-
1. Data: 2008-11-19 23:14:40
Temat: Ustne polecenie - jego waga i mocowanie prawne
Od: "ChOpLaCz" <c...@g...pl>
Czy mam obowiązek wykonania polecenia przelożonego (wydanego ustnie /
telefonicznie), które gryzie się z firmowymi regulaminami ?
W firmie obowiązuje "ochrona ważnych danych firmy". Podjęto uchwałę,
oficjalnie nas przestrzeżono, itd.
Sytuacja. Potrzebne jest przekazanie ważnych strategicznych danych firmy.
Okazuje się, że odpowiedzialna za to osoba nie może tego zrobić (nie ma
jej, wyjechała) a dane potrzebne są natychmiast! Szef poleca więc
telefonicznie. Podejdź do P. Basi, Kasi czy innej Tereski, - powinny mieć te
dane - i w trybie super pilnym prześlij je na adres x...@x...xx. Oczywiście
robię to. Szef jest wdzięczny. Koleś którego nie ma też. Wszystko jest ok.
Każdy ma co chciał. Sytuacja uratowana. Jednak równie dobrze można mi
"udowodnić" bez żadnej walki świadome wysłanie z firmowego sprzętu ważnych
firmowych informacji na zewnątrz firmy. Nie mam żadnych pełnomocnictw,
zezwoleń, uprawnień. Czyli ugotowany?
Mam obowiązek wykonania takiego plecenia?
Czy tak wydane polecenie jest jednorazowym nadaniem uprawnień?
pozdrawiam
-
2. Data: 2008-11-19 23:51:49
Temat: Re: Ustne polecenie - jego waga i mocowanie prawne
Od: "Jotte" <t...@w...spam.wypad.polska>
W wiadomości news:gg26l6$aci$1@inews.gazeta.pl ChOpLaCz
<c...@g...pl> pisze:
> Czy mam obowiązek wykonania polecenia przelożonego (wydanego ustnie /
> telefonicznie), które gryzie się z firmowymi regulaminami ?
> W firmie obowiązuje "ochrona ważnych danych firmy". Podjęto uchwałę,
> oficjalnie nas przestrzeżono, itd.
> Sytuacja. Potrzebne jest przekazanie ważnych strategicznych danych firmy.
> Okazuje się, że odpowiedzialna za to osoba nie może tego zrobić (nie ma
> jej, wyjechała) a dane potrzebne są natychmiast! Szef poleca więc
> telefonicznie. Podejdź do P. Basi, Kasi czy innej Tereski, - powinny
> mieć te dane - i w trybie super pilnym prześlij je na adres x...@x...xx.

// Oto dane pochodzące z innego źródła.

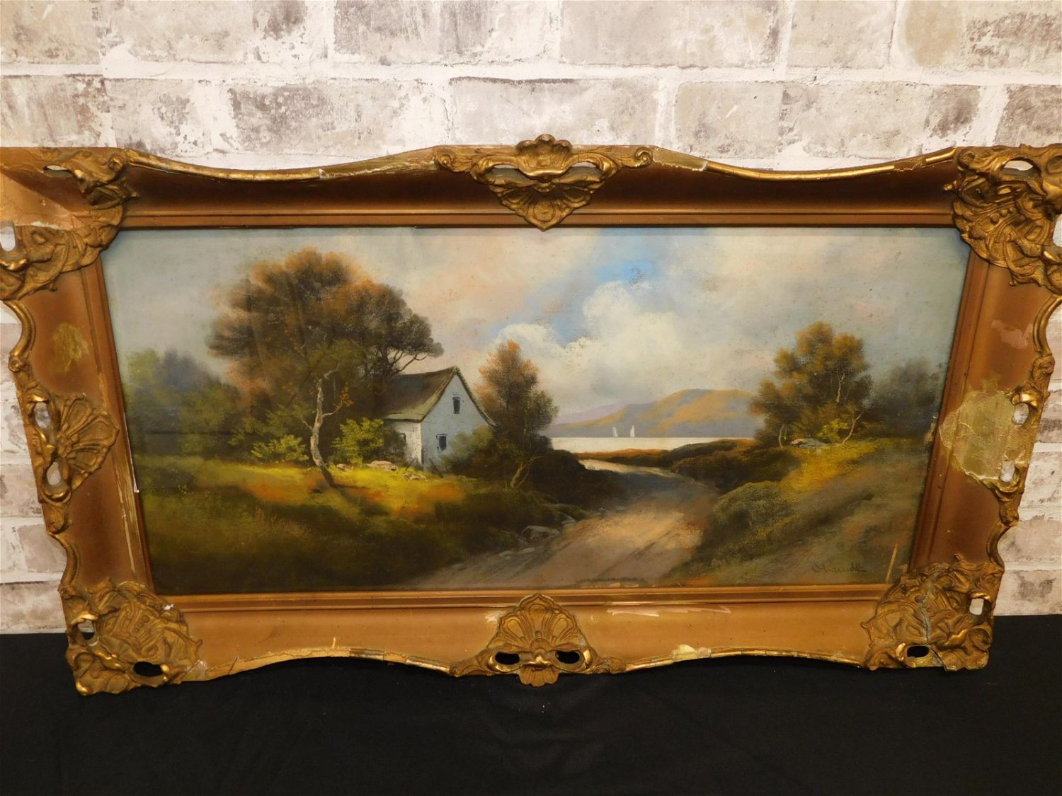 19th Century Pastel Painting by William Henry Chandler (1854-1928). Depicting Cottage Scene near a lake with sailboats in background. Has some staining. Could use cleaning. Signed lower right. Frame is heavily damaged. Measures 20" tall x 33" wide. All invoices must be paid within 24 hours of the sale. Shipping options are the Liveaship from liveauctionners as seen on the listing, in-house shipping on small lots, and the local UPS Store. Liveship is only one option. Please see shipping terms for all options. Local pickups are at our Monmouth Junction location on Thursday, Friday, Saturday and Monday ONLY! All pickups are by appointment only. Any condition issues will be listed in the description. Please read the terms for full information.

> Oczywiście robię to. Szef jest wdzięczny. Koleś którego nie ma też.
> Wszystko jest ok. Każdy ma co chciał. Sytuacja uratowana. Jednak równie
> dobrze można mi "udowodnić" bez żadnej walki świadome wysłanie z
> firmowego sprzętu ważnych firmowych informacji na zewnątrz firmy. Nie
> mam żadnych pełnomocnictw, zezwoleń, uprawnień. Czyli ugotowany?
> Mam obowiązek wykonania takiego plecenia?
> Czy tak wydane polecenie jest jednorazowym nadaniem uprawnień?
Dasz się ugotować to możesz zostać ugotowany.
Jest to jedna z licznych sytuacji, w których w razie ew. problemów i
kontrowersji istotna będzie strona dowodowa.
Nie łudź się, nie da się skodyfikować wszystkiego i bez pozostawiania
wątpliwości. Prawnicy nie mieliby co robić.
Skoro nie masz uprawnień itp., to odmawiasz powołując się na ten fakt i
żądasz ich wydania.
No i zawsze możesz też po prostu zażądać wydania polecenia na piśmie.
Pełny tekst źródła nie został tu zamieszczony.